J'ai découvert le cinéma de Lanthimos avec Canine, puis avec The Lobster. J'avais trouvé l'un comme l'autre très bons : deux satyres froides et cyniques avec une véritable vision d'auteur, et une direction d'acteurs au service d'un propos de fond cohérent.


Puis j'ai visionné Alps, le long métrage que Lanthimos a réalisé entre Canine et The Lobster.


Mais cruellement, la sauce n'a pas pris.


Alps raconte l'histoire d'un petit groupe de quatre membres qui prennent la place de personnes décédées afin de faciliter le deuil des proches, contre paiement. Nous suivons principalement Mont Rose (les protagonistes ont tous des noms de sommets alpins) qui va prendre la place d'une jeune tenniswoman tragiquement disparue dans un accident de voiture. Elle vit partiellement avec les parents de cette dernière, revêtant ses habits, se comportant comme elle jusqu'à apprendre par coeur des phrases qu'elle a prononcées. Cette relation spéciale avec le couple parental va avoir des conséquences dans son propre entourage.


Comme dans Canine avant lui et The Lobster après, le film est très froid, très peu accueillant : musique très rare, acteurs volontairement monolithiques... cette réserve avait très bien marché pour les deux films que j'ai déjà cités, mais ici elle se révèle plus un artifice et dessert véritablement le propos.


Canine mettait en scène trois enfants séquestrés chez eux, n'ayant jamais vu l'extérieur de la maison et du jardin familial. Dans ces conditions, leur inaptitude manifeste à communiquer normalement, leur absence totale de réaction normale, étaient justifiées. De même, The Lobster raconte l'histoire d'un homme ayant quelques semaines pour trouver une compagne dans une société où le célibat est un délit, dont le frère a été transformé en chien et qui risque à son tour d'être mué en homard. Là aussi, sa froideur et le côté désabusé, désenchanté, ce manque d'optimisme, trouvent un sens et une raison dans le scénario.

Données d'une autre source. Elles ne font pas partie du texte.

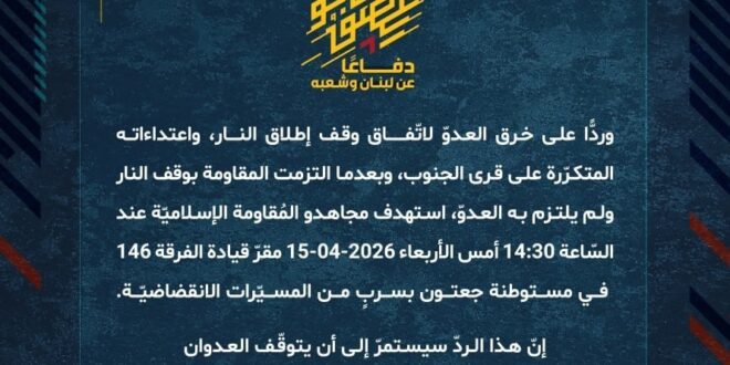دفاعًا عن لبنان وشعبه، وردًّا على خرق العدوّ لاتّفاق وقف إطلاق النار، واعتداءاته المتكرّرة على قرى الجنوب، وبعدما التزمت المقاومة بوقف النار ولم يلتزم به العدوّ، استهدف مجاهدو المُقاومة الإسلاميّة عند السّاعة 14:30 أمس الأربعاء 15-04-2026 مقر قيادة الفرقة 146 في مستوطنة جعتون بسربٍ من المسيّرات الانقضاضيّة.
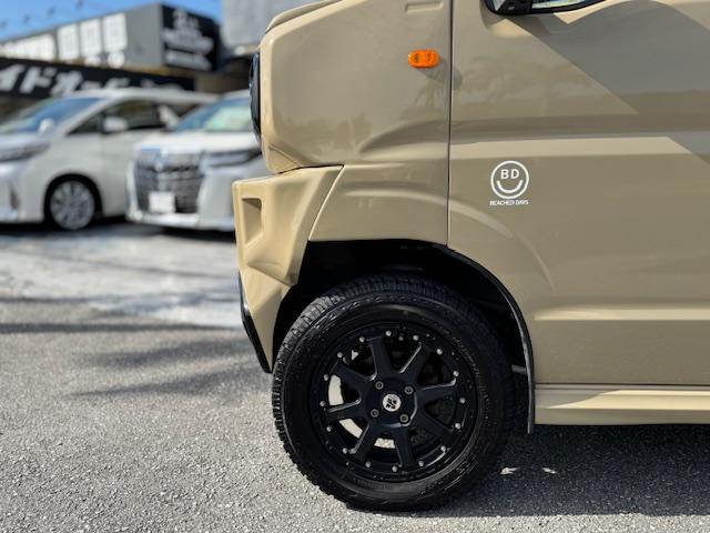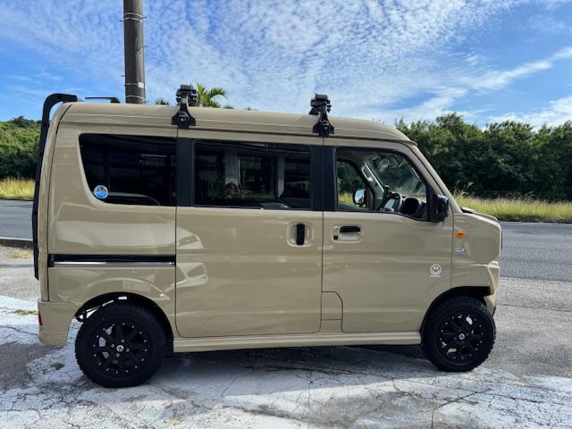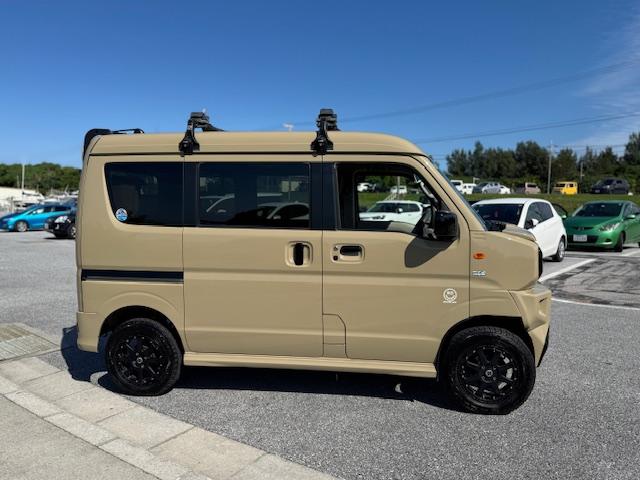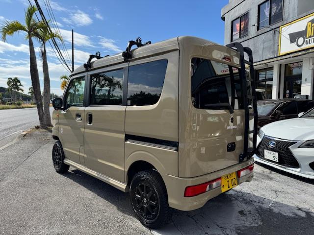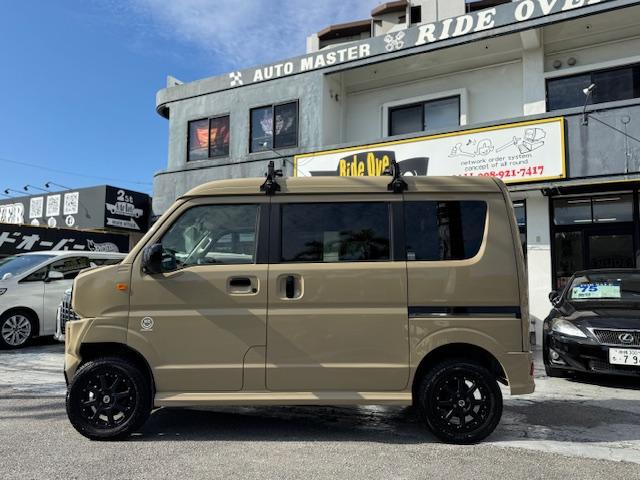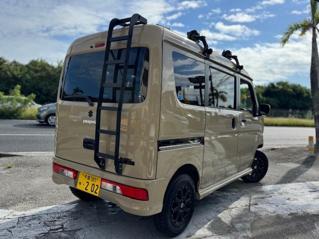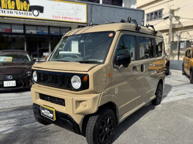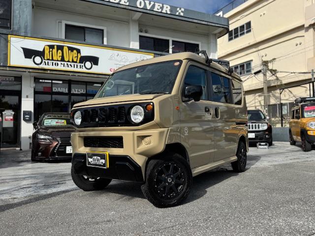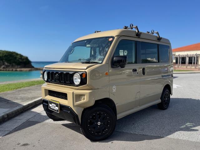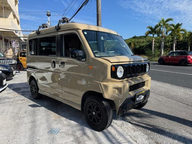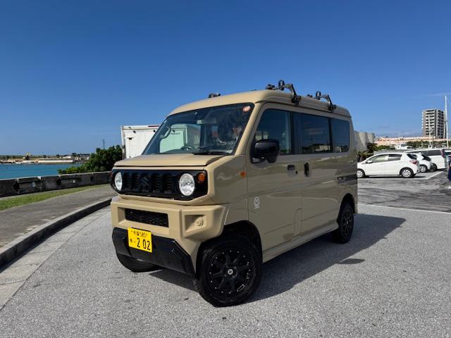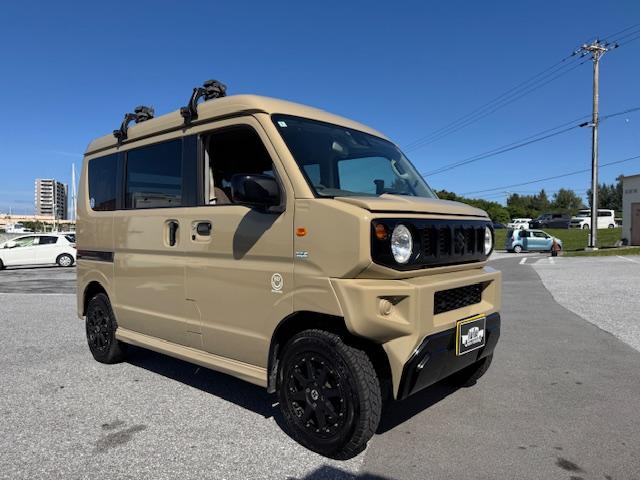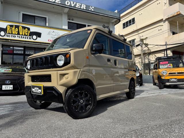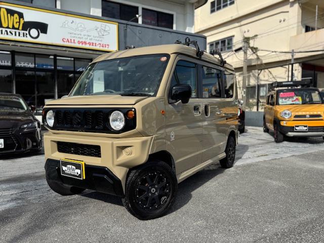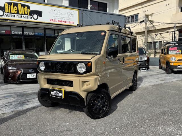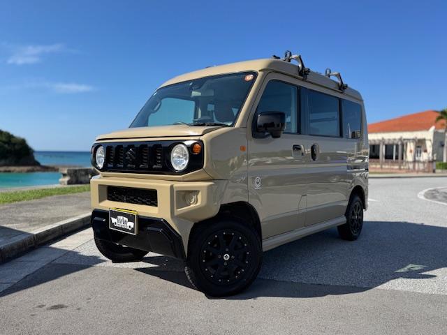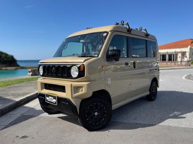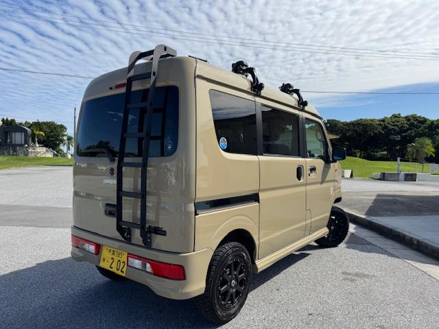 NEW ! スズキ エブリイワゴン JPターボ ジムリィ仕様 社外サンドベージュオールペン済 社外14インチアルミ リフトアップ リアラダー ルーフキャリア 社外Bluetooth内蔵SDナビ 地デジ レーダーブレーキサポート プッシュスタート

Mais dans Alps, le contraste est beaucoup trop fort. Ces personnages ont leurs petites vies, leurs métiers, leurs familles, leurs passions... Ils ont juste trouvé un moyen pas très éthique de se faire un peu de blé. Ce qui justifie mal un tel détachement, une telle déconnexion. Les personnages ont tous, même les secondaires, l'air d'être atteint d'un syndrome d'Asperger. Ce n'est pas une moquerie, c'est réellement le cas. Il y a un total de vingt secondes de sourire à l'écran. Le reste du temps, les visages sont fermés, les bras ballants, pas de gestes, des conversations absurdes, qui ici ne jouissent d'aucune cause, aucun raison. Et ça passe assez mal.


Et en conséquence, les choix qui passent pour des qualités de mise en scène dans les autres films de Lanthimos (absence de musique, de générique, acteurs comme des piquets...) passent ici pour des défauts. Le film se retrouve à être froid sans réelle raison. Au final, le constat est pour le moins particulier : les qualités de Canine sont les défauts de Alps.


Alps est une satyre grinçante sur la famille et le deuil, mais cette satyre familiale est bien plus aboutie dans Canine. Et au final, je trouve que Alps n'a pas grand chose à apporter après Canine, qui était plus original, plus profond. Les thèmes ont été abordés dans les autres films de Lanthimos, et l'ont bien mieux été.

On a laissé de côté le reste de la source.